32) Why not think of something to do with a tainted Feng-Shui statuette?
33) Why not burn the master tapes to “Birds of a Feather”?
34) Why not visit all of the very small countries of the world?
35) Why not write a short story/film called “The Limehouse Cut”?
36) Why not get a massage from the “Massage Parlour” on Green Lanes?
37) Why not visit Peniston with Andy? (NOTE: Not a euphamism)
38) Why not form a band made up entirely of Billy Idol impersonators?
39) Why not learn how to cook?
40) Why not learn how to massage?
41) Why not learn how to dance?

(These last three come with the advice that they will make women melt at my feet, which sounds fun. If likely to make my shoes all sticky.)

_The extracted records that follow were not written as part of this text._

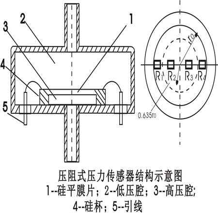 硅平膜片上的擴散電阻通常構成橋式測量電路,相對的橋臂電阻是對稱布置的,電阻變化時,電橋輸出電壓與膜片所受壓力成對應關系。上圖所示為一種壓阻式壓力傳感器的結構示意圖,硅平膜片在圓形硅杯的底部,硅杯的內外兩側輸入被測壓力及參考壓力,本套裝置的傳感器參考壓力為當地大氣壓力。壓力差使膜片變形,膜片上的兩對電阻阻值發(fā)生變化,使電橋輸出相應壓力變化的信號。為了補償溫度效應的影響,一般還可在膜片上沿對壓力不敏感的晶向生成一個電阻,這個電阻只感受溫度變化,可接入橋路作為溫度補償電阻,以提高測量精度。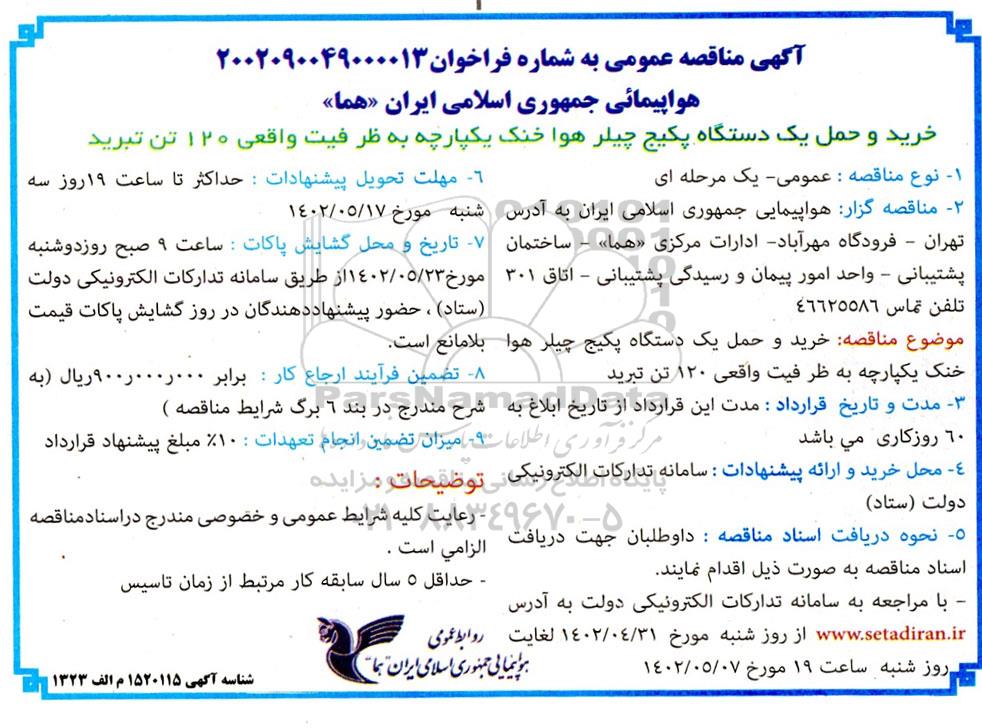 علاقهمندان میتوانند جهت دریافت اسناد و اطلاعات تکمیلی، مناقصه خرید و حمل یک دستگاه پکیج چیلر هوا خنک یکپارچه با سامانه مناقصات و مزایدات ایران پارسنماد داده ها 88349670 تماس حاصل نمایند.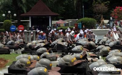 Ratusan pasukan Asmaul Husna Polri usai mengikuti "Apel Pengamanan Aksi 212" di Silang Monas, Jakarta Pusat, Kamis (1/12/2016). Polri kembali menurunkan pasukan Asmaul Husna pada demo 2 Desember nanti.

42) Why not legally change your name to “Johnny Foreigner”?
43) Why not go to work dressed as T.E. Lawrence?
44) Why not deliberately score own goals?
45) Why not use your AHRB application to make veiled threats?
46) Why not flamboyantly spunk some research?
47) Why not buy a pet frog, and give it the name “Aristophanes”?
48) Why not buy a Japanese schoolgirl outfit for a friend?
49) Why not grow a beard, but wear a fake beard over it?
50) Why not party like it’s 1899?

Thursday, March 11, 2004

The Blog Writes Me

What with me leaving work and London at some point in the next month, I’ll have a bit of spare time. And what better way to spend that time than by doing things that my friends suggest? It can be like an ultra low-budget reality show, but with considerably less Tabloid coverage. Send me your ideas for what I should be doing, and hope to see my exploits recorded here in the Blog. All ideas will be considered, even if they’re gratuitously offensive. Perhaps even especially...

Saturday, March 06, 2004

Quod In Aeturnum Cubet Mortum Non Est, Et Saeculis Miris Actis Etiam Mors Perierit.

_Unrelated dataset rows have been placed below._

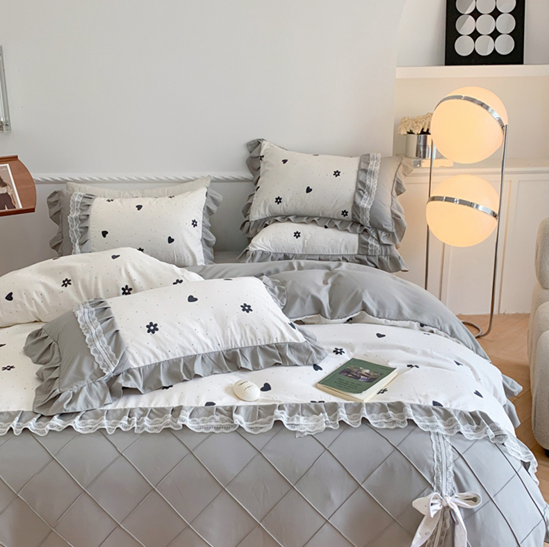 吾欢心 2025新款蝴蝶结款韩版蕾丝花边四件套 爱心花朵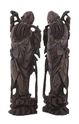 PAIR OF CHINESE CARVED HARDWOOD FIGURES OF SHOU LAO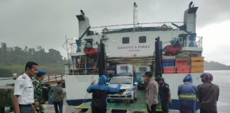Personel KP3 Polres Simeulue Amankan Kedatangan Kapal KMP Teluk Sinabang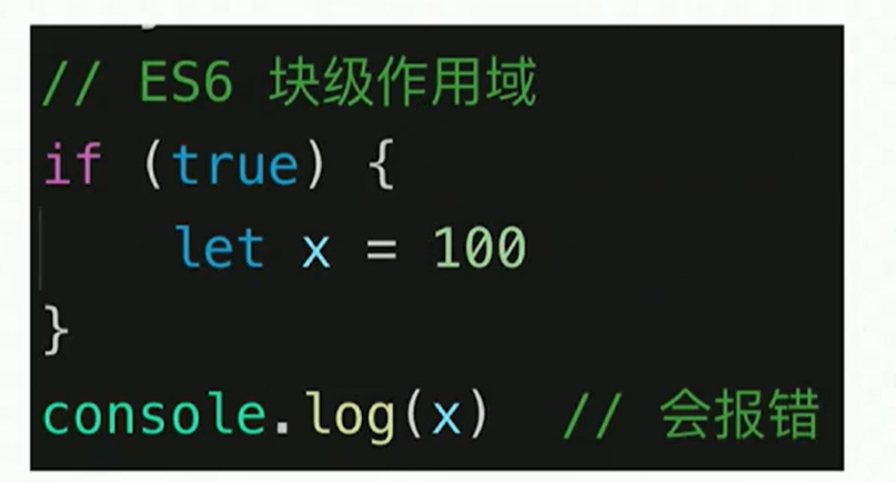 - 块级作用域(ES6)比如👇在if大括号内定义了x,在大括号外使用x会报错。

A while since I last posted, so I should keep people updated. I'm currently wading through the AHRB and University of Liverpool paperwork neccessary to try and get a PhD place and funding. This takes much longer than one might think.

I do have a little time to indulge my quirks, though. Today, for example, I went out and bought De Profundis, the role-playing game of writing letters to people. I think it'll be more exciting than it sounds, honest. I also got a copy of Umberto Eco's The Name of the Rose. I remember my Dad once reading it but giving up, claiming to be perplexed by all the maths. If I can successfully complete it, I will be officially be Better Than My Dad. As pop-psychology tells me that that's what all us males are really up to, I can't really turn the opportunity down, can I? I wonder what happens when you officially become Better Than Your Dad? Do you spontaneously combust or something?

I have also posted a random fragment called "Green Lanes Blues" over at N.A.O.W.F.I.T.